Duffy smiled mysteriously as he carefully leaned back, arms crossed over his chest.
"With the taskforce, yes. But you told me that you distinctly heard a British voice and a Spanish voice in amongst the individuals that were involved in that donnybrook at the Foothills."
Dee's mouth opened, then abruptly closed as her mind whirled into action.
"So I did," she said in a thoughtful voice.
"So you did," Duffy's smile broadened slightly. "And that means the possibility of foreign nationals operating on Canadian soil. As a former RCMP constable, what's the procedure for dealing with the possibility of foreign nationals on Canadian soil?"
Dee smiled tightly.
"Either bring CSIS into the case to consult or ..."
"Or Interpol," Duffy finished for her with a flourish of his hand.
"Which you worked for, for ten years before emigrating to Canada." Dee almost laughed out loud. "Do you actually think Interpol will be called into this situation?"
"As soon as the RCMP discovers the fact that foreign nationals may have been involved. Something I believe we must ensure as we put our plan into action."
"Plan? You can't possibly tell me that you have a plan of action on this whole thing," Dee said in disbelief.
"Of course I do, detective. Did you think I would be incapable of such a thing, having been forcibly drawn out of my comfortable bottle so recently? Pickled I may be, my dear Tragedy, but dead I am not. I didn't say anything in our encounter with our erstwhile superiors because I was completing the concept in my head while you blathered on."
"Duffy." Dee grimaced. "Do you mind explaining how we're going to get involved along with Interpol?"
"Simplicity, detective. You see, I still have a large number of connections with my former associates at Interpol. Associates that owe me a very large number of favors that I intend on cashing in on."
Abruptly the bedraggled Brit paused to sit forward, glancing over at McLaughlin's office as the door swung open.
"But the details will wait until we're safely out of here," he murmured softly before sitting back once again to watch the exit of the VIPs from McLaughlin's office.
Catching the hint, Dee sat back, crossing her arms beneath her breasts as she too turned to watch the VIPs make their way out of McLaughlin's office and into the squad room. They walked stiffly out of the office as the big leftenant frowned after them, none of them looking anywhere but straight ahead.
None of them, except Councilor Simpkins. She let her gaze roam freely from side to side as she primly walked, sandwiched between a heavily perspiring Comrie and Chief Sorrenson. And when her gaze fell onto Dee, she immediately smirked, as if mocking the tall detective in her helplessness at being removed from the investigation.
Dee felt a hot wave of frustration and anger wash through her. While she hadn't actually had any face to face confrontations with the plump councilor, it appeared that Simpkin's political maneuvering was, at every step, doing its best to hinder the investigation, instead of help it. And this latest development seemed to be directly in line with that pattern.
It seemed that Duffy knew the dangerous thoughts that were churning through Dee's mind, however.
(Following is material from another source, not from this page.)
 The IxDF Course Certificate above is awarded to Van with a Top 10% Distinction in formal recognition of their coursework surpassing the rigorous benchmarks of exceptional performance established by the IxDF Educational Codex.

As Simpkins continued to mockingly smirk at her, given more pleasure at seeing Dee's discomfort, Dee readied a tight snarl of rage to convey her displeasure to the plump politico.
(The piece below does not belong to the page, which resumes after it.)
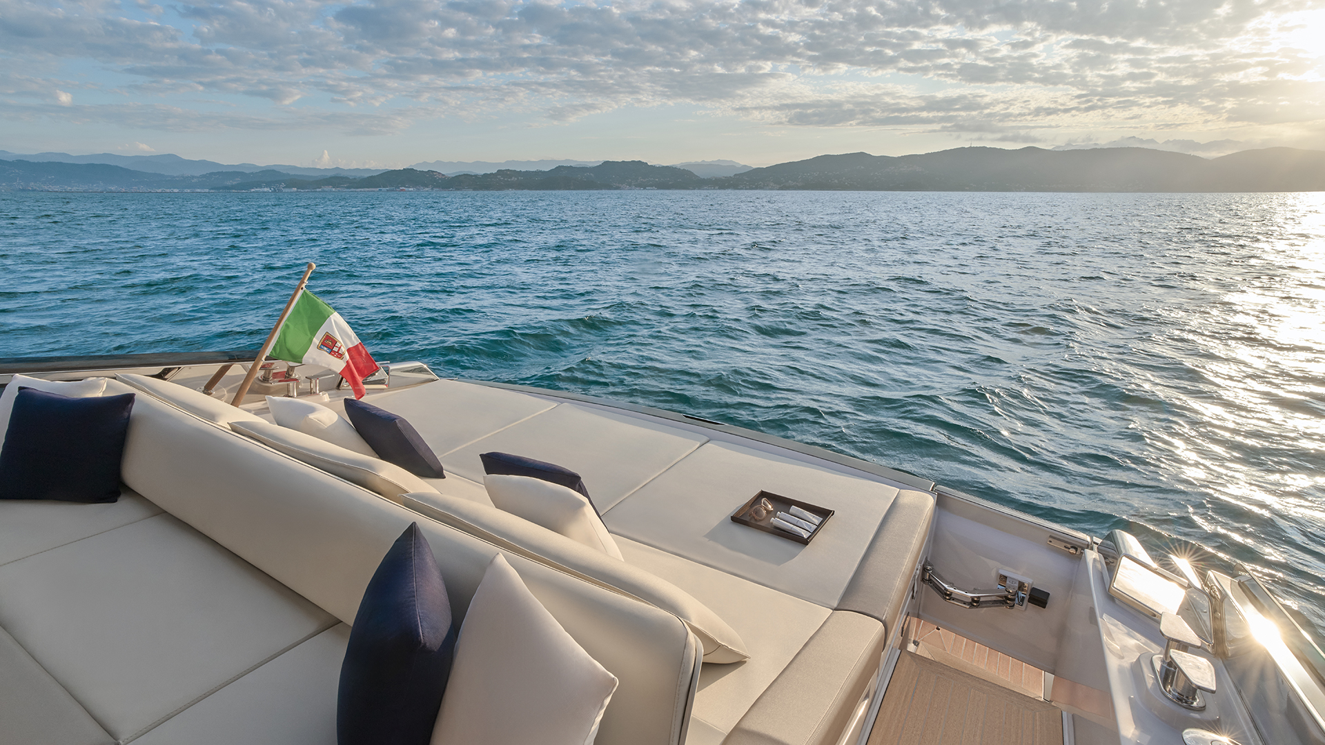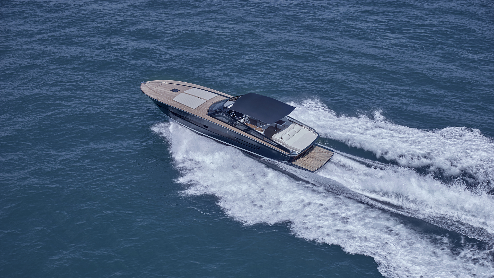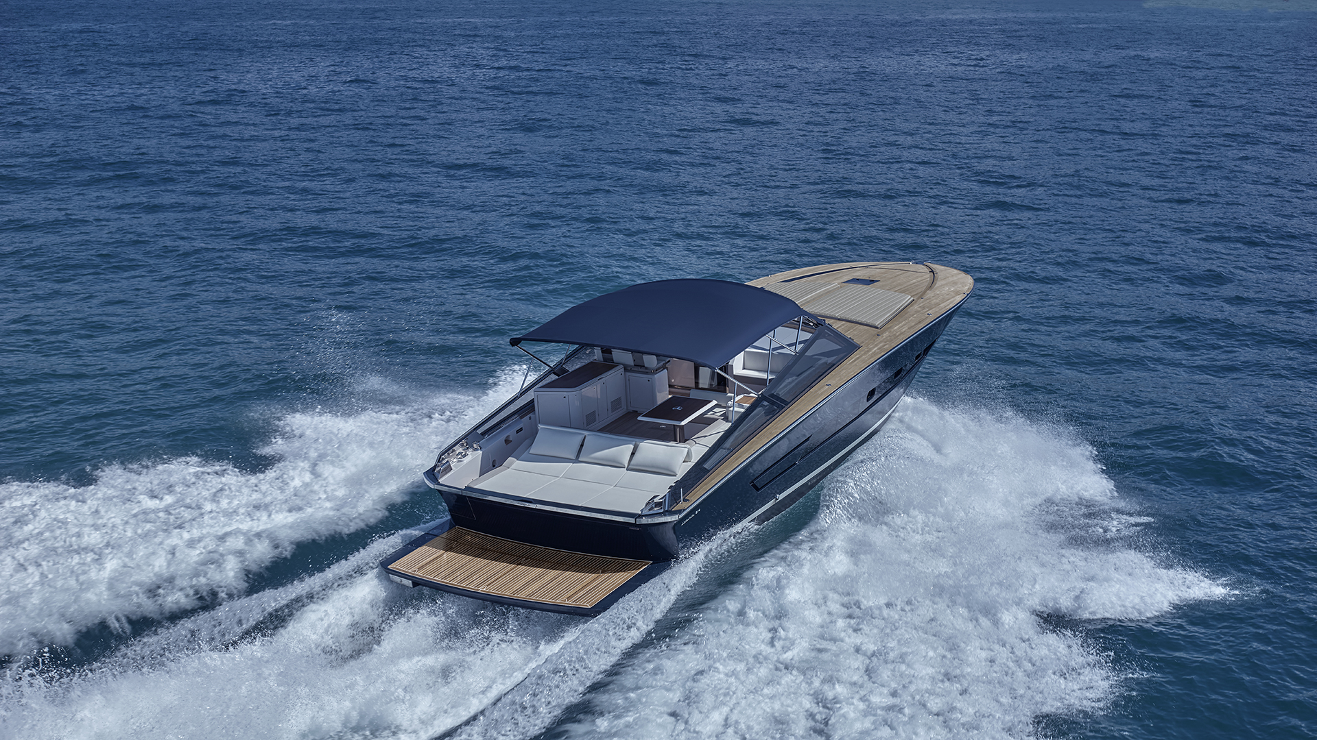 Il main deck presenta un layout ottimizzato, con un’area poppiera occupata quasi interamente da un ampio prendisole, affiancato sul lato sinistro da un passaggio per l’accesso a bordo. Al di sotto del prendisole troviamo un vano da 1.800 litri pensato per lo stivaggio dei water toys. Grande novità il layout a doppio pozzetto dell’area living esterna, che presenta due zone interamente dedicate al relax. I due divani a C, collegati da una panca trasversale che può essere dotata schienale basculante, si trasformano in due salotti esterni adiacenti, capaci di accogliere oltre 10 persone, mentre il pozzetto a poppa è completato da un tavolo. Il secondo pozzetto, situato a ridosso del parabrezza, offre agli ospiti una zona protetta dal vento e dall’acqua durante la navigazione. A corredo troviamo una ghiacciaia posizionata tra i due divani, mentre sul lato di sinistra trova invece spazio un mobile bar dotato di lavello attrezzabile con frigorifero, icemaker e piastra cottura (optional). E ad ombreggiare le aree living troviamo un tendalino fisso e smontabile. Sempre sul lato di sinistra si trova la plancia di comando, con una seduta in grado di ospitare due persone e un cruscotto flottante dotato di sistema di navigazione Simrad gestibile attraverso due display touch chartplotter da 12’’, estendibili a 16’’ nella versione optional. Inoltre la postazione di guida è dotata di portabicchieri e di vano porta oggetti integrati. L’accesso all’area di prua è collocato sulla porzione di dritta del parabrezza: una soluzione che consente di mantenere libero il parabrezza centrale e che promette di rendere più agevole il passaggio verso la zona prodiera conservando il tambuccio aperto, consentendo così anche l’accesso centrale verso sottocoperta. Il parabrezza invece presenta inoltre un vetro a tutta altezza. A prua troviamo invece un prendisole dotato di vano porta oggetti e porta bicchieri ed incassato nella coperta.

But, as the councilor stepped by, behind Duffy, Dee frowned as she watched the old Brit catch her eye and slowly shake his head, as if to say: now was not the time for that battle. Dee's frowned deepened as she quickly mulled that over. And just as quickly she concluded that Duffy was right. There would be another time, another place to settle this issue between her and the heavily made up political hack that had undercut the task force at every turn and ended up casting it aside when it no longer served as a platform for her posturing.
So she turned her eyes down onto the desk instead, feeling her teeth grinding in frustration as Simpkins continued to stare at her. And then they were gone.
"C'mon," Duffy hissed as he pushed himself out of the rickety chair opposite Dee's desk. "Forget those wankers. We've got some planning to do!"